* Raw data
==========

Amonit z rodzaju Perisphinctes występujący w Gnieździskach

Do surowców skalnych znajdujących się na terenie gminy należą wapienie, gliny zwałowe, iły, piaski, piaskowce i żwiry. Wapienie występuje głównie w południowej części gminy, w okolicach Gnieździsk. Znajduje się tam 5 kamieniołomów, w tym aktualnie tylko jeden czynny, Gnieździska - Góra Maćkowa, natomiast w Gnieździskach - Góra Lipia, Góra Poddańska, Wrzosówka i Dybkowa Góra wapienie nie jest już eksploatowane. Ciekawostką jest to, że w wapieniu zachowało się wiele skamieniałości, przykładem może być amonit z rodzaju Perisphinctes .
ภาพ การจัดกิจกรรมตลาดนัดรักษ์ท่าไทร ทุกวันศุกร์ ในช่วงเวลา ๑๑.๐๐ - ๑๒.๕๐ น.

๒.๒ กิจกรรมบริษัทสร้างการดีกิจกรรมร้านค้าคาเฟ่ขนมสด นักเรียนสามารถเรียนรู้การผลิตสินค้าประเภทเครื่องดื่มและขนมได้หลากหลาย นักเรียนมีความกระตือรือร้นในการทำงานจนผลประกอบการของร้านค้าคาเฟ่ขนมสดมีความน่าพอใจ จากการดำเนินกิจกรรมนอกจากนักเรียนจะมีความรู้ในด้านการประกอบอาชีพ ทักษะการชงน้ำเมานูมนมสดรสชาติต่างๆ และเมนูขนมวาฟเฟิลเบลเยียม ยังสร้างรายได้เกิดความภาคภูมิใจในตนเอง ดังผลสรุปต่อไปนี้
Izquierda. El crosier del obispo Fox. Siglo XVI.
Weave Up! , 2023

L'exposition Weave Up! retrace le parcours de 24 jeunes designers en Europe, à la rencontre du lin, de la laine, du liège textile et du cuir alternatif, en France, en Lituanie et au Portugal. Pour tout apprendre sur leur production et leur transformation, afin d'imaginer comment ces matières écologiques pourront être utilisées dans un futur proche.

==========

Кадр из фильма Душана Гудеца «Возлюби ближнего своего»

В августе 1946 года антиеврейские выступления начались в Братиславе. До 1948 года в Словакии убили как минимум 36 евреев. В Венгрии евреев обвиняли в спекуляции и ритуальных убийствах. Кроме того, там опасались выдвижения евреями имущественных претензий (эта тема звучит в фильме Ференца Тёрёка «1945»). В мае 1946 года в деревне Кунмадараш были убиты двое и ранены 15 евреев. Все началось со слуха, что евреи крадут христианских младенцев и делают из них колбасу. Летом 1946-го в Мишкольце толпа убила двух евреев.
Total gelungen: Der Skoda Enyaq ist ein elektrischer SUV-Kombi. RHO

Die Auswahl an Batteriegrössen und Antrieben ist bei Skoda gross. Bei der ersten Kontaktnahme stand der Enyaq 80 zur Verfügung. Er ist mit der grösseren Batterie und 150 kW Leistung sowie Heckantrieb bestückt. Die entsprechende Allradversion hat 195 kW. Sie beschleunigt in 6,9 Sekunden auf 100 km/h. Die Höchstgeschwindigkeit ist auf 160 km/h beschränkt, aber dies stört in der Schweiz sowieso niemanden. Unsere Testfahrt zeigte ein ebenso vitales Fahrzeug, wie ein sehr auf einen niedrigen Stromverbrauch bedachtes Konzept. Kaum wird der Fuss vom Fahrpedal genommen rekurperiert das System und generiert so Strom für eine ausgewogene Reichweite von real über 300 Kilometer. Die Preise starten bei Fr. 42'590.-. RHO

==========

* The problem
From the entries above, return exactly the line containing "Amonit z rodzaju Perisphinctes występujący", the line containing "Weave Up! , 2023", and all lines between, and nothing else.

* Answer to this problem
Amonit z rodzaju Perisphinctes występujący w Gnieździskach

Do surowców skalnych znajdujących się na terenie gminy należą wapienie, gliny zwałowe, iły, piaski, piaskowce i żwiry. Wapienie występuje głównie w południowej części gminy, w okolicach Gnieździsk. Znajduje się tam 5 kamieniołomów, w tym aktualnie tylko jeden czynny, Gnieździska - Góra Maćkowa, natomiast w Gnieździskach - Góra Lipia, Góra Poddańska, Wrzosówka i Dybkowa Góra wapienie nie jest już eksploatowane. Ciekawostką jest to, że w wapieniu zachowało się wiele skamieniałości, przykładem może być amonit z rodzaju Perisphinctes .
ภาพ การจัดกิจกรรมตลาดนัดรักษ์ท่าไทร ทุกวันศุกร์ ในช่วงเวลา ๑๑.๐๐ - ๑๒.๕๐ น.

๒.๒ กิจกรรมบริษัทสร้างการดีกิจกรรมร้านค้าคาเฟ่ขนมสด นักเรียนสามารถเรียนรู้การผลิตสินค้าประเภทเครื่องดื่มและขนมได้หลากหลาย นักเรียนมีความกระตือรือร้นในการทำงานจนผลประกอบการของร้านค้าคาเฟ่ขนมสดมีความน่าพอใจ จากการดำเนินกิจกรรมนอกจากนักเรียนจะมีความรู้ในด้านการประกอบอาชีพ ทักษะการชงน้ำเมานูมนมสดรสชาติต่างๆ และเมนูขนมวาฟเฟิลเบลเยียม ยังสร้างรายได้เกิดความภาคภูมิใจในตนเอง ดังผลสรุปต่อไปนี้
Izquierda. El crosier del obispo Fox. Siglo XVI.
Weave Up! , 2023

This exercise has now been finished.